Он теперь стоял на одной ноге, как цапля, и держал в своей руке тяжёлый ботинок весь заляпанный грязью.

– Думаешь, мне в кайф обувать твои пёстрые сапоги на каблуках? – возмутился он. – Ни тепла, ни удобства – в таких вообще одни трансвеститы ходят! Но сейчас не до этого. Я просто не хочу, чтоб ты себе всё отморозил. Так вообще можно без ног остаться. А у тебя ещё эта… ну, носоглотка больная. Я ж помню.

Саша притих, удивлённо слушая брата. Всё это напомнило детство, когда мама поручала Георгию следить за тем, чтоб Сашка раньше времени не снимал куртку и вообще одевался по погоде. Это конечно было с его стороны очень по-дружески. И всё же Саша ему возразил:

– Слышь, да брось ты. Сам-то ещё простудишься. А со мной ничего не сделается.

– Я здоровей тебя в десять раз. – стоял на своём Плутон. – Разболеешься – станешь для всех обузой.

– Я продержусь. Есть альтернативное предложение: одеть один твой ботинок, а тебе дать свой сапог на одну ногу – ну, чтоб никому не было обидно. – усмехнулся Саша.

– Фу, дурак. – хохотнул брат. – Это как в рекламе: один носок я постирал новым порошком с отбеливателем, а второй оставил грязным.

– Потому что потерял его. – рассмеялся Сашка.

– Эй вы, клоуны! – сердито окликнула их Навсикая. – Хорош уже языками чесать. Идти пора, а вы всё соревнуетесь в остроумии. Так оно у вас у обоих неважное…

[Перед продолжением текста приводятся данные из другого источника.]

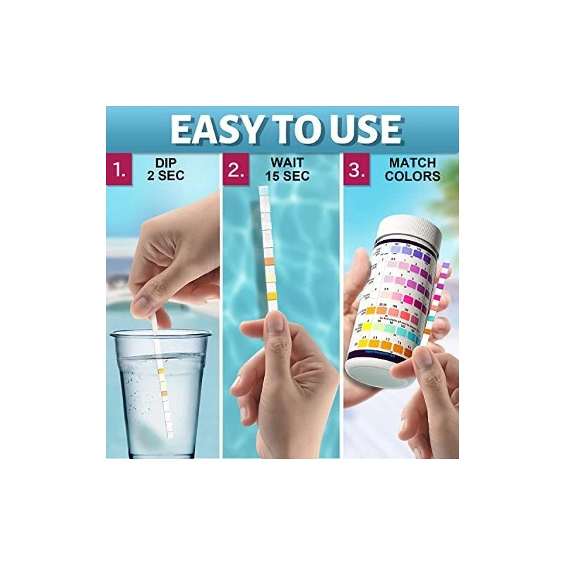 EASYTEST 7-Way Pool Test Strips 150 Strips Water Chemical Testing - White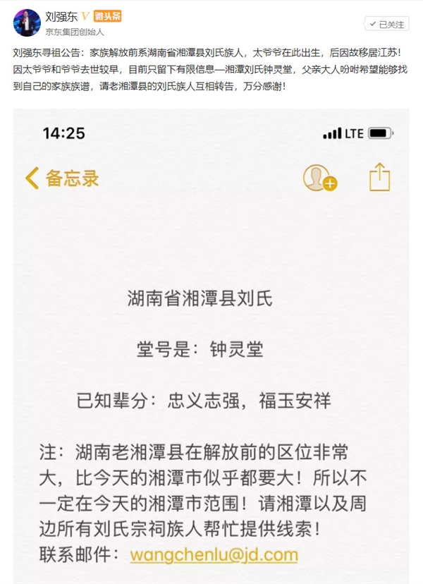 今天下午,刘强东在社交网络发布寻祖公告,希望找到自己的家族族谱。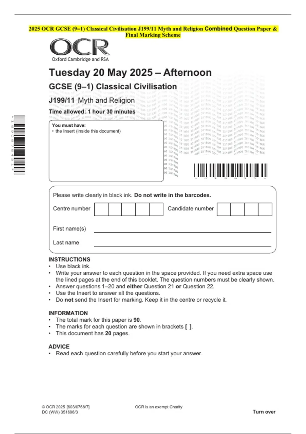 2025 OCR GCSE (9–1) Classical Civilisation J199/11 Myth and Religion Combined Question Paper &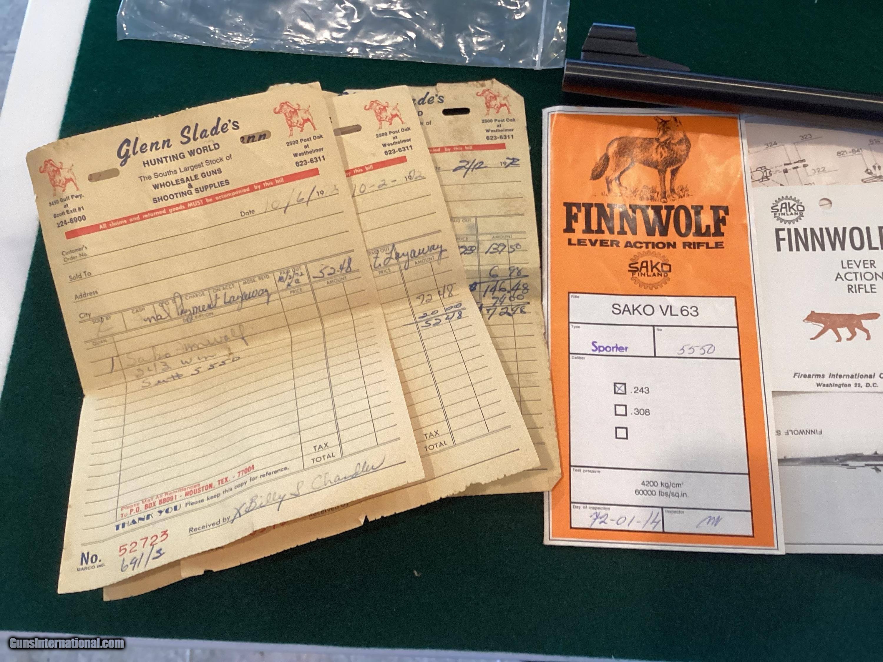 Description: This Sako Finnwolf was purchased new by my father in 1972. We have the receipt and papers as pictured. This gun is 95 percent with the only deficit being shown on the butt plate as pictured. It is equipped with a Redfield 6 power wide view scope that has been on the gun since 1972. The gun has not been fired in the last 30 years, so it is time to let it go Shipping will be UPS ground and insured for actual cost to your FFL dealer. SOLD Rifle Caliber: .243 Winchester Manufacturer: Sako Model: Finnwolf Serial Number: 5550 Condition: Excellent Metal Condition: Excellent Wood Condition: Excellent Bore Condition: Excellent Action: Lever Manufacture Date: 1971 |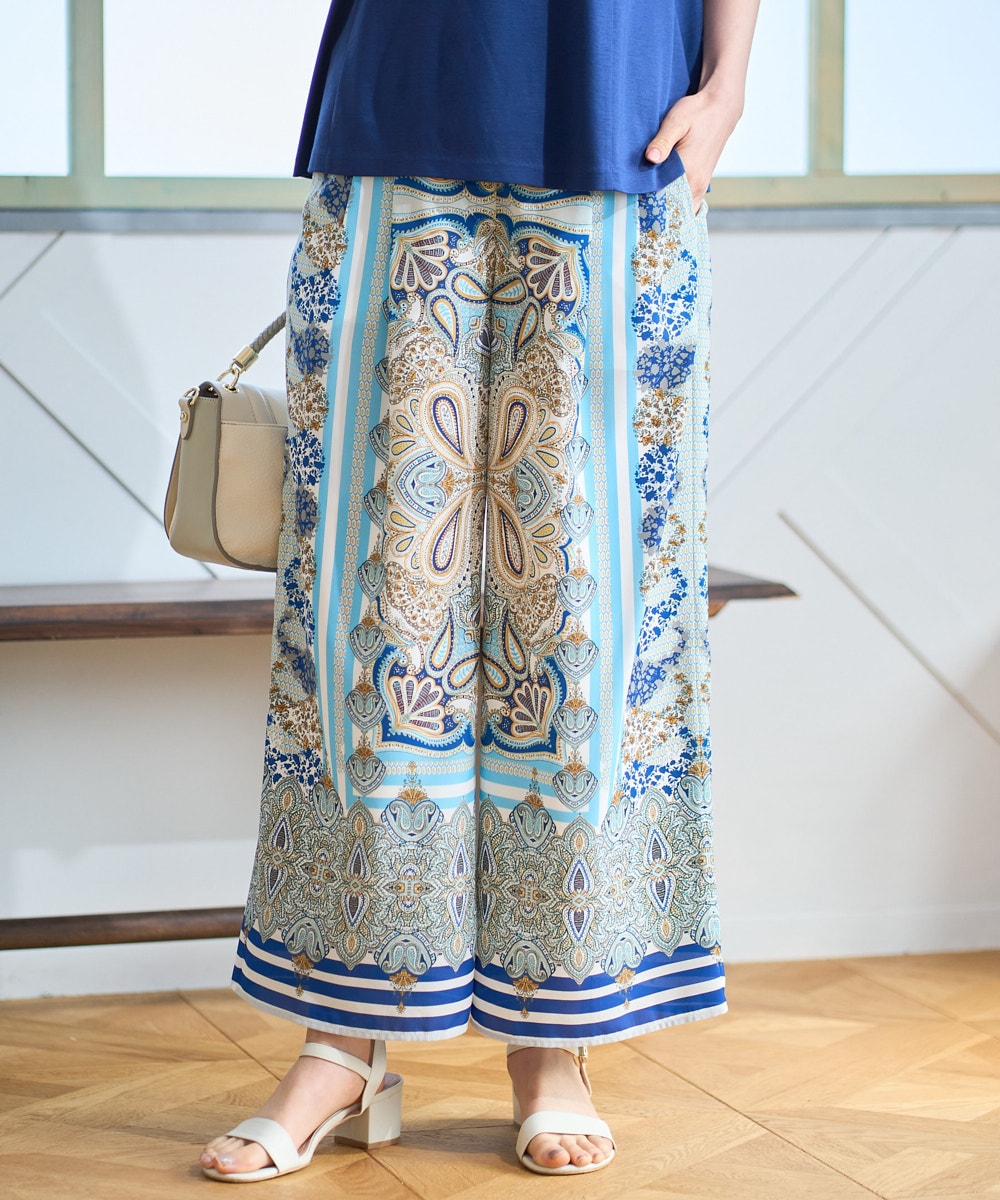 大胆なマリーンブルーの利いたペイズリーパネルプリントが印象なワイドパンツ。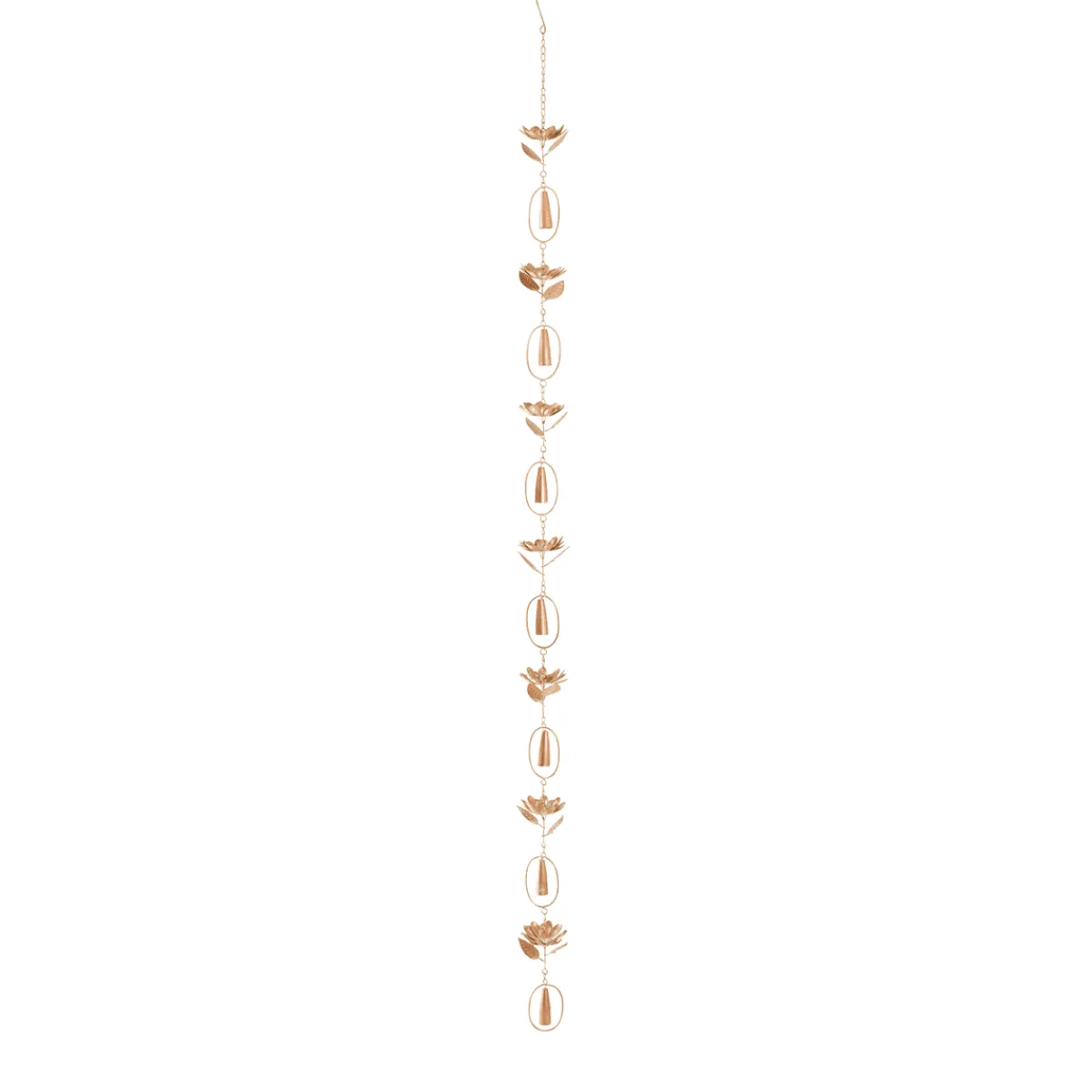 Auf goldglänzende Blumen und Glöckchen treffen hier die Regentropfen und erzeugen einen perlenden Klang. Lasse die segenspendende Energie des Wassers durch deine Aura und vielleicht auch über deine Hände rieseln. So kannst du Regentage im Sommer verzaubern und zu einem Erlebnis für die Sinne machen. Eisen, ca. L. 188 cm x B. 10 cm. Gewicht: ca. 600 g.

За это время она успела отрезать пару кусков от шубы и примотала мех к ножкам Беатриче поверх её хрустальных туфелек – получилось что-то вроде валенок. Ну, хотя бы за Инфанту теперь можно не переживать, она одета по погоде.

– Ладно, если не хочешь обувать мои берцы, тогда давай пошли быстрее. – обратился Плутон к брату, обратно зашнуровывая ботинок. – Глядишь, на бегу согреешься.

И с этими словами он припустился в чащу, мало обращая внимания на то, что остальные едва поспевают за ним по этим снежным завалам. Навсикая старалась держаться рядом с Беатриче, поддерживала, помогла ей перелазить через эти сугробы. Сашка уже давно заметил, что она как-то не особо доверяет ему Инфанту и так и норовит помешать им остаться наедине. И ему ничего не оставалось, как только вприпрыжку шагать рядом с братом. Ясное дело Плутон был не в духе, и всё же Саша не мог удержаться от вопроса:

– Послушай, я не понимаю, как Маргарита вмиг сотворила эту тьму, холод?

– Пойми, ничего она не сотворила. – отвечал он. – Она вообще бессильна творить. Просто истинным источником света, тепла, жизни и радости в Стране Выброшенных Вещей был Озарил. Даже если порой Он был и незрим для нас. А когда Его не стало, то и свет угас, будто выключили лампу… На самом деле, тьма и боль – это естественное состояние этого падшего мира. Он лишь из милости озаряет своих заблудших, отпавших от истины детей. И без Него повсюду мрак, Он единственный источник света. А Маргарита только сделала вид, что призвала мороз и смертную тень. Она и сама не ведает, сколько лиха это может принести.

Плутон умолк и через минуту заговорил снова:

– Помнишь, я говорил тебе: Маргарита всего лишь красивая кукла на троне. Она ничего не создаёт. Она всего лишь лгунья, обвинитель и инквизитор. Вся слава её царства за счёт других. Меченосный и Джокер творят всю чёрную работу, они исполнители её воли. Дедал, в своё время обманутый и зачарованный сотворил множество великих шедевров ей на радость. А теперь и твой безмозглый Цербер пашет на неё, как проклятый. Благодаря его мастерству её царство сделалось ещё более шикарным. А сама Маргарита не творит, а лишь порочит, извращает творение Озарила и всё то, что создают другие люди. Всё что она смогла произвести на этот свет – это те жуткие Графини Вишни, которых она прижила с одним из своих валетов, уж не знаю с кем именно… Прочие-то свои порождения она уничтожала, а эти монстры ей приглянулись…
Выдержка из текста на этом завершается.